Later in the night I was in bed attempting to doze off, and began to think about this whole "clang" situation. I was in the middle of rubbing the back of said West Virginia Redneck out of habit to put myself to sleep, and there was one of those inaudible sighs from his body that says "the last of the day has just left me." Spoken without saying a word. No vowels. No consonants. No twang. No clang. No accent. Just a message. At that point I realized; no matter how the message is transmitted...if it's a touch, a sound, a smell, a look, it matters not if sometime there is an extra vowel or nasal expression contained within...as long as the message is "you make me happy..." I think The Clang will suffice just fine. And, should it not, I guess "get back in the kitchen, bitch," will have to run a close second. That is, as long as the kitchen is where my clanging ass really wants to be, anyway...

Well, yall, apparently (for today at least) it is.

Monday, February 02, 2009

SuperBowl-ed Over

Last night was the XLIII SuperBowl. (For those less versed in the calculations of Roman numerals, that is "43.") It was a battle between the Steelers of Pittsburgh, and the Cardinals of Arizona. I am not a huge football fan, as hockey is my sport of choice. I was, however, happy to see that the gods were shining down on me, and there were enough altercations on the field to make the game more interesting in the eyes of a blood-thirsty soul such as myself.

There were several reasons I choose to dedicate a few of my finite hours on this earth to this particular event. One: My good friend owns a bar and is a huge Steelers fan. It was more of an opportunity to share his night than anything. Two: I am in love with Ben Roethlisberger. He is the quarterback for the Steelers. He is "drag-me-in-the-cave-by-my-hair" huge, and makes me want to renounce my morality in a myriad of ways. All in all, it was a night I felt no qualms in taking part in.

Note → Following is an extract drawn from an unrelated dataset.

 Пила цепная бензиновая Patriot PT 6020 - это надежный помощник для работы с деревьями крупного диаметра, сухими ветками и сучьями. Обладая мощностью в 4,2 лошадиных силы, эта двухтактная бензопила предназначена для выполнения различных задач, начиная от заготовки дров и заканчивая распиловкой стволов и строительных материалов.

As I was watching the game, I found it was not so much the television I was watching, as the goings on around me. I watched a room full of grown men run the gamut of human emotion. There was fear, joy, hate. love, evil, envy...everything...and it came with a six pack of Bud Light.

Accompanied by these men on their emotional journey were there she-halves. These women also wore the jerseys of their favorite players. They had gone the extra feminine mile of adorning their hair with bows in the color of their favorite team. They screamed and yelled, but it was only after the end of the 4th quarter that I really fully grasped the reason they were there. Don't get me wrong. I'm not saying women can't love football. Shit. I live for the Detroit Red Wings. I'm saying there is an emotional agenda with women. There always is.

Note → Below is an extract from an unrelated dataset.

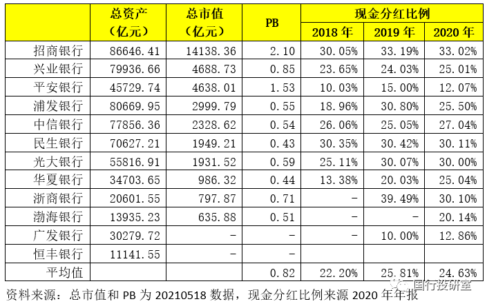2、2018-2020年股份行的現金分紅比例平均分別為22.20%、25.18%和24.63%。不過分紅比例與其市值之間并沒有對應關系,如分紅比例最高的招行其市值亦比較高,而市值較高的平安銀行其分紅比例卻僅有12.07%。

Football, to this observer, is a sixty-minute homage to all that is the American Male. It is a sweat-soaked, grunting, crashing, hetero-ass-slapping, land acquisition game that is drenched at its happiest moment in faux orange drink. Essentially its a game of, "This land is your land, this land is my land, but I'm gonna take your land...yard by yard." It stands firmly upon what this country was founded on. Taking other people's land. Historically there was much less dancing in joy on that land, but you get the idea.

Men, being men, can not help but feel the joy of those doing the conquering. It is in their DNA. There is a suspense that builds during a close game. Will the home team prevail? Will there be a happy ending. Will the cowboy ride off across the range without fear of a scalping? This is football. It only makes sense that at the end of the journey there be great joy, and a wild celebration. Enter the female agenda.

Last night, as I watched the spectacle both on television and within 20 feet of me I noticed something. These women, as soon as they reacted to a play or incident in the game IMMEDIATELY look at their other half. It was not a look of "should I like this?" It was a look of "what the hell kind of mood will he be in?" They cheering was just as much for their favorite team as it was for the fact that there may be nookie and perhaps even a load of laundry in their near futures.

As soon as the game was over, and the Steelers took the podium to accept their trophy, I again picked up on an interesting phenomena. Within minutes of this event I witnessed no less than FOUR of these couples making out. Was it the joy that a successful season had been marked in history with a 6th ring on the hand of the Steeler Nation? Was it the fact that the tension of sixty people in a room had all lifted at once, and the great cosmic orgasm of the group dynamic had lifted to the cigarette and cuddling aftermath? I'll never know, but it was there, and I saw it, and suddenly I knew: THIS is why women watch football. It's not for the game...it's for the post-game wrap up. Literally.

That having been said, I can only hope that Ben Roethlisberger's post-game wrap of was worthy of his amazing season...but I know I could scream louder than any bitch out there if it came right down to it.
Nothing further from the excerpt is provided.